In Glisson v. Heggie Bros. (1898) 105 Ga. 30, 31 S. E. 118, the court said: "It is a well-settled rule of law that where property is sold with the condition that the title is to remain in the vendor until the purchase price is paid, unless otherwise stipulated, the risk is on the seller, and in case of loss of the property without fault of the buyer, no action can be maintained for the purchase price." It appeared therein that a horse sold conditionally died before payment of the price and while title was still retained by the seller.

In Randle v. Stone (Ga.) supra, which was an action on a note given for the purchase price of an engine and boiler, the title to which was reserved by the vendor, and which were destroyed by fire while in the actual possession of the defendant before the maturity of the note, the court held that the loss fell on the vendor. Jackson, Ch. J., said: "The only question in the case is, Who had title when the fire occurred, if the articles were burned without fault in Randle?

. . The owner must suffer the loss, if there be no fault in the actual possessor, who is a bailee. This court

has substantially ruled the same point in analogous cases, not on reservation of title on contract, as here, but on the reservation the statute (Code, § 1593) makes before title passes to certain products of the soil; thus, recognizing the principle that in case of destruction by fire, the loss must be met by him who has title."
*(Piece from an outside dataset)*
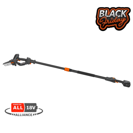 A battery pruning saw to be used with or without extension pole. Easily attach and adjust the pole up to 1,7m, making it easier to reach higher branches. Built on our proven chainsaw expertise, it’s robust enough to easily cut branches 75mm wide. Equipped with a soft grip handle with an easy and tool free replacement of chain and bar and improved safety with the automatic shutdown when left unattended. Storage is made easy with the included hook and part of the 18V POWER FOR ALL battery system.

In Commander Mills Co. v. Schafer (1915) 144 Ga. 37, 85 S. E. 1036, the court said, in an official headnote: "This case is controlled in principle by the decision in Mountain City Mill Co. v. Butler (1899) 109 Ga. 469, 34 S. E. 565. (a) It was there ruled that 'the breach, by a purchaser, of a contract to pay a draft for the price of goods and remove the same from a railroad depot, the title to the goods remaining in the seller until such draft should be paid, did not involve the purchaser in liability to the seller for loss occasioned by the destruction by fire of the goods in the depot.' This ruling was not changed by the addition of the words, and more especially is this so when the seller's agent for the collection of the draft extended the time of the payment thereof until the day upon which the fire occurred.' An examination of the entire opinion in the case will show that the ruling was not made to depend upon the words last quoted, but that they furnished an additional reason to support the judgment. (b) The decision above cited was concurred in by the entire bench of six justices; and the request to review and overrule it is denied."

In Swallow v. Emery (1873) 111 Mass. 355, it appeared that the plaintiff sold and delivered to the defendant two horses and a wagon. The price was to be a gross sum for the whole property, and payable in labor. The articles were to remain the property of the plaintiff until the whole amount should be paid. After the payment, the plaintiff was to give the defendant a bill of sale. One of the horses died, without any fault on the part of the defendant. It was held that the loss of the horse was the plaintiff's loss, and disabled him from performing the contract on his part,

and that he would not be entitled to receive the gross sum for the rest of the property.

To the same effect, see Whigham v. Hall (1910) 8 Ga. App. 509, 70 S. E. 23, wherein it appeared that a mule sold conditionally died before payment was made by, and title was passed to, the vendee.

In Waltz v. Silveria (1914) 25 Cal. App. 717, 145 Pac. 169, it appeared that a safe was destroyed by fire while in the possession of the vendee, without fault on his part. In an action to recover the unpaid balance, under a contract of conditional sale, it was held that, in the absence of an agreement to the contrary, the risk accompanies the title to property, and that where there is a mere agreement to sell, and title has not passed, the loss falls on the vendor.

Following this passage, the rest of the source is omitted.